Y, un día más, triste por mi irrelevante existencia, enciendo el DVD y veo pasar ante mi imágenes, algunas también parecen tristes, como si supieran de su banalidad, como si se empatizaran ellas de nosotros. Suspiro profundamente tratando de contener el llanto cuando centro mis pensamientos en ese enrarecido viaje que es la vida. Werner Herzog convirtió en “Aguirre. La cólera de Dios” (1972), el periplo suicida de los colonizadores españoles en tierras americanas en metáfora sucia y descarnada de esa búsqueda que de tanto preguntarnos por su sentido caemos en la cuenta de que no lo tiene.
Así como nos enfrentamos cada día al mundo, Herzog se cargó las cámaras al hombro, y acompañado por un equipo fiel (el espantapájaros, el hombre de hojalata, el león cobarde y Totó), se introdujo en las selvas sudamericanas en busca de esa película que sólo había visto entre las circunvoluciones de su cerebro. De esta manera su propio viaje, su propio rodaje trataba de equipararse al de esos pioneros racistas, fanáticos y explotadores que se llamaron a ellos mismos conquistadores. En una suerte de antecedente de la aventu-locura de Coppola en las Filipinas y siguiendo el rastro dejado por el cine de Robert Flaherty y su intromisión en entornos exóticamente radicales, Herzog pasó por lo que quería contar en su film (aunque nadie ha dicho nunca que “Aguirre” no es una película sobre exploradores, es una exploración). Todo ese elenco de aristócratas, píos, soldados y esclavos que acaba en las desquiciadas manos de Lope de Aguirre tenían una ventaja con respecto a mi, ellos se sentían empujados por una mano omnipotente llamada Dios, el truco de delegar responsabilidades lleva funcionando desde el principio de los tiempos, los mismo en la estructura nazi de los campos de concentración, que en la división por estratos de la Iglesia (cuyo punto álgido ni siquiera existe, ¡¡eso si que es un buen truco¡!).

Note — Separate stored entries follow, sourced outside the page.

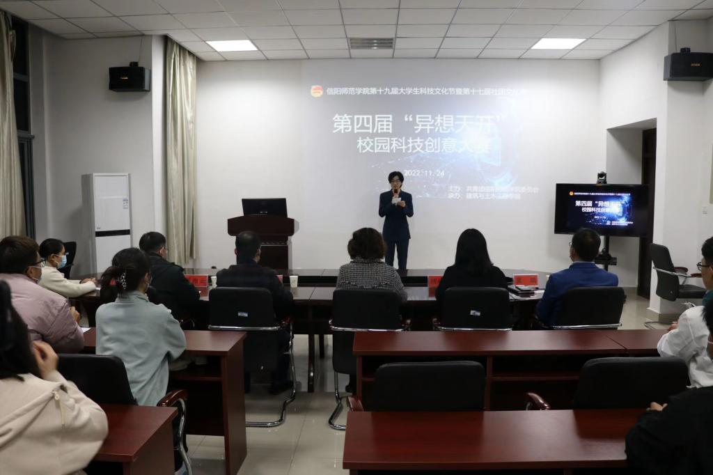 为深入学习党的二十大精神,进一步丰富校园文化生活,搭建具有时代特征的大学生校园科技艺术活动平台,由校团委主办,威廉官网中国官方网站承办的第四届“异想天开”校园科学创意大赛决赛,于11月24日晚7点在综合实验楼206会议室举行。威廉官网中国官方网站党委副书记冀鹏,校团委顾玲玲老师,生命科学学院魏雪锋老师,历史文化学院王娟老师,威廉官网中国官方网站梁维云老师,作为评委参加了本次大赛。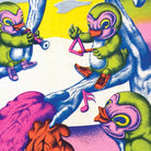 This Risoprint has hidden augmented reality features! Download the free app ARTIVIVE onto your phone. Open the Artivive app and point your camera phone at the artworks to view the animated augmented reality.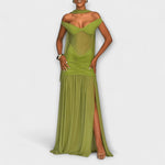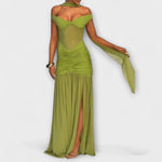 Tillverkad av lyxigt, elastiskt Slinky-material i en rik olivgrön nyans , är den helt fodrad för komfort och stil. Den låga V-ringningen på ryggen ger en touch av sensualitet, medan rynkningen och den höga slitsen vackert framhäver din figur.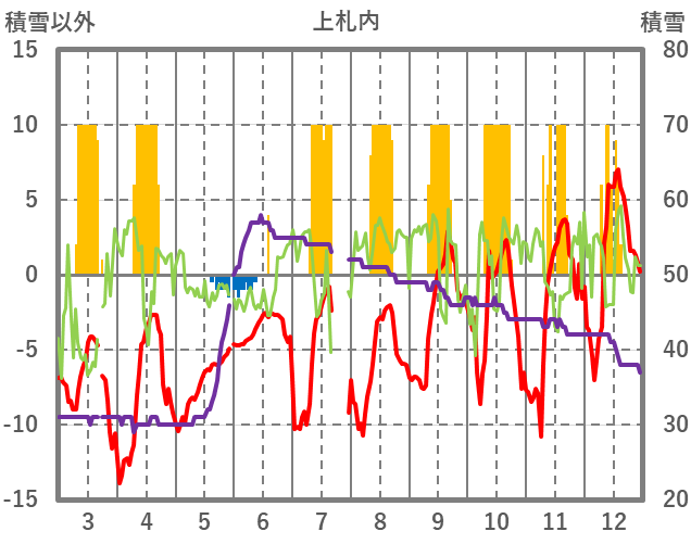 | 日 | 時 | 気温 | 降水 | 風向/風速 | 日照 | 積雪 | 降雪 |

Con 30 años, Herzog ya había tenido varios éxitos internacionales, “También los enanos empezaron pequeños” (un más que curioso film interpretado exclusivamente por enanos) o “Fata morgana”, al margen de los cortometrajes que había dirigido a partir de 1962 y su paso por los Estados Unidos (donde trabajó incluso para la NASA), este experimentador nato (llegó a rodar en “Corazón de cristal”, 1976, con actores hipnotizados) previno los terrenos escarpados y la alta humedad del ambiente, la falta de electricidad y el desastroso transporte, pero aún no sabía lo que se le venía encima con Klaus Kinski.
Kinski llevaba actuando en películas desde los años 40, pero aún no había conseguido forjarse en papeles protagonistas (aunque ya se habían fijado en su gótica cara gente como David Lean o Sergio Leone), trotando por casi todo el cine europeo, sobre todo alemán e italiano. Klaus Kinski representa esa nuestra consciencia del mal no como mal en si, sino como acto sin más, es nuestra alma relativista, la locura y el odio echas persona (no hace falta que entre mucho en su biografía, violador confeso de su hija Natassja, Kinski era tan inestable en la realidad como en sus películas), tal vez el único que no creía necesitar llegar hasta el Mago de Oz para autocompletarse, Kinski cargaba las tintas para con esa aventura que no era más que una locura imaginada por algún chiflado, una vez más El Dorado como símbolo de ese objetivo que nos ponemos y al que no podemos acceder, la frustración y el desánimo de verlo todo inútil.